Cuando terminó, Inmaculada bajó un momento al bar de al lado, se compró un bocadillo y una Coca-Cola, que se tomó en su despacho, y aprovechó para llamar a su novio. No quería que se le hiciera tarde otra vez.

—Hola, Inma, ¿qué tal andas? Vi tu llamada de anoche y te iba a llamar en un ratito. ¿Sigue todo tranquilo por ahí?

—¿Tranquilo?, tú no sabes el follón que tengo montado —le hizo un resumen de todo lo que había pasado en esos dos días sin extenderse en los detalles. Él era fiscal en la Audiencia de una ciudad castellana y tampoco necesitaba muchas explicaciones, aunque no pudo evitar contarle la tremenda impresión que le había producido el cadáver.

—Ya, es terrible —contestó él comprensivo—. ¿Y tú qué tal estás, mi vida? ¿Muy agobiada?

—Fíjate si estaré agobiada que esta noche he soñado que un armario gigantesco que hay en mi despacho se me caía encima y me aplastaba. Mi cuerpo parecía el de la pobre mujer asesinada. Ha sido horrible. No hace falta ser Freud para entender que me sobrepasa el peso de la responsabilidad.

—Te entiendo, pero no te agobies que, además, no sirve para nada. Tú intenta resolverlo rapidito a ver si el fin de semana de San Isidro podemos vernos en Madrid. Me muero de ganas de verte.

Se dio cuenta de que intentaba animarla, pero no creía que quitarle importancia al asunto fuera la mejor forma.

—Yo también, pero lo veo difícil. Ya veremos —contestó algo molesta.

—Bueno, preciosa, tengo que colgar porque he quedado a cenar con mi primo y todavía tengo que ducharme. Me ha invitado a su casa nueva. ¡Qué envidia! Tenemos que hablar seriamente de ese asunto y buscarnos también tú y yo, un sitio para instalarnos. Igual en su urbanización si está bien. Mañana te cuento. Un beso.

—Adiós, cariño, pásatelo bien.

Inmaculada colgó bastante desanimada. Esperaba que él se hiciera cargo de su situación y, en cambio, le hablaba de comprar una casa a ochocientos kilómetros de donde ella vivía.

Dedicó toda la tarde a las cartas de Lola. Esta vez, con la ayuda del fiscal y muchísima paciencia, consiguieron clasificar y leer todas, excepto unas que descartaron por ser muy antiguas, escritas con una caligrafía infantil muy pulcra que a Inmaculada le enterneció. Estaban firmadas con la fórmula: «Tu prima que te quiere, Conchi». Se figuró que la prima de Lola debió de ser una niña muy aplicada.
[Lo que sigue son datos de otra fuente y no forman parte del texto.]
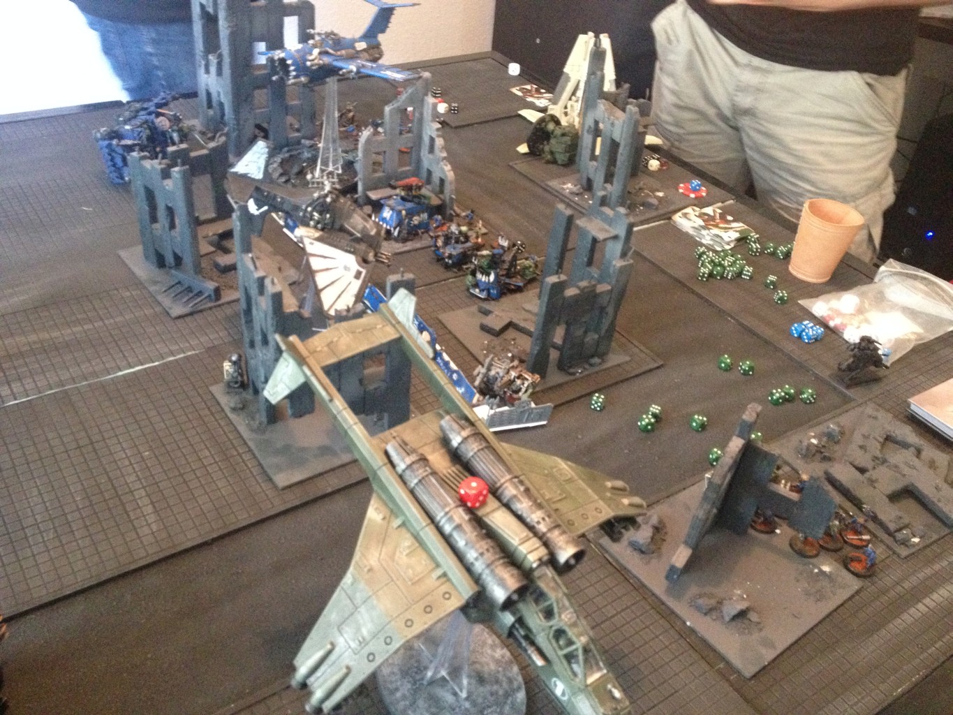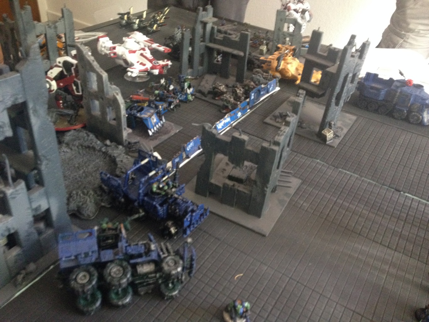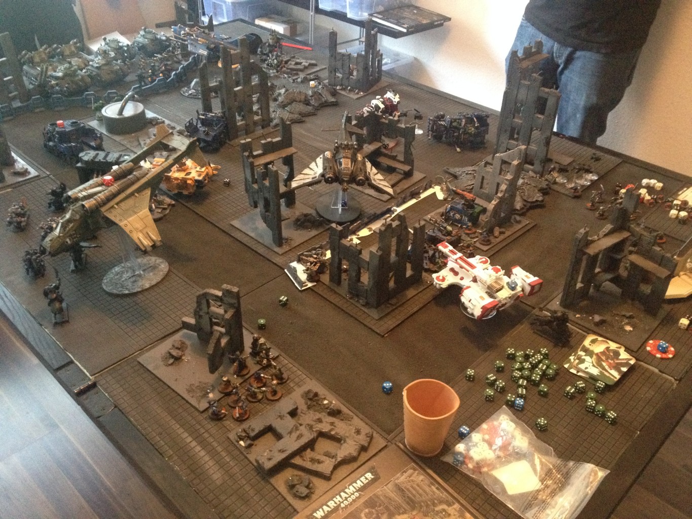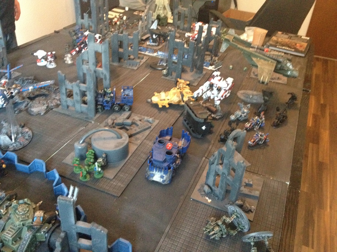 Thufir hat nachträglich zu seinem Geburtstag zu einer Warhammer 40.000 Schlacht eingeladen. Gespielt wurde ein 2-vs-3 (Dark Angels (Thufir) und Astra Militarum (Tito Fuente) -vs- 2x Orks (Ben und Felix) und Tau (Kalatas)). Ursprünglich war ein 3-vs-3 mit den Space Marines von Imperator Swenson geplant, doch dieser ist krankheitsbedingt ausgefallen.

Encontraron solamente dos de Álvaro. Eran de la época de su noviazgo y su contenido, el típico de las cartas de amor, no reveló nada nuevo. De Chus, en cambio, había un montón: cartas y postales enviadas desde distintos lugares, llenas de dibujos, viñetas y acrónimos. Muy originales y creativas pero, desgraciadamente, irrelevantes.
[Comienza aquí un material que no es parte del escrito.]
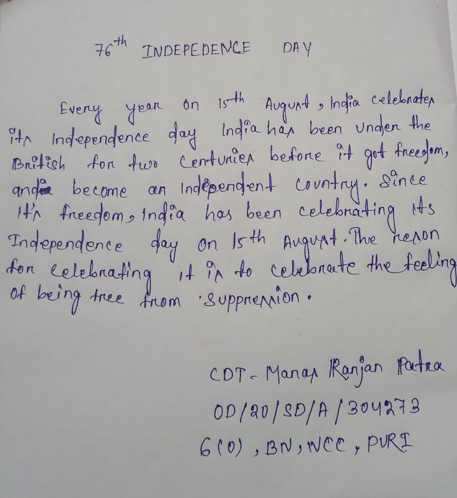 I am Priyanshu Khan cadet of 14 Bengal BN NCC. My regimemtal number is WB22JDA189423

Las que Remedios escribió a Lola cuando estudiaba en Sevilla coincidían con la descripción que Ramírez le había dado de la mujer. Eran frías y, aunque no contenían reproches directos, sí pretendían que Lola se sintiera culpable por la soledad de su tía.

El resto eran felicitaciones de cumpleaños, christmas y un montón de postales de diferentes remitentes.

—Casi toda esta correspondencia termina en el dos mil —comentó Inmaculada mientras iba guardando fajos de cartas en sobres etiquetados—. Justo el año que nació el niño.

—Sí —contestó el fiscal, levantando la vista de lo que estaba leyendo—, y también la época en la que todo el mundo se acostumbró al correo electrónico.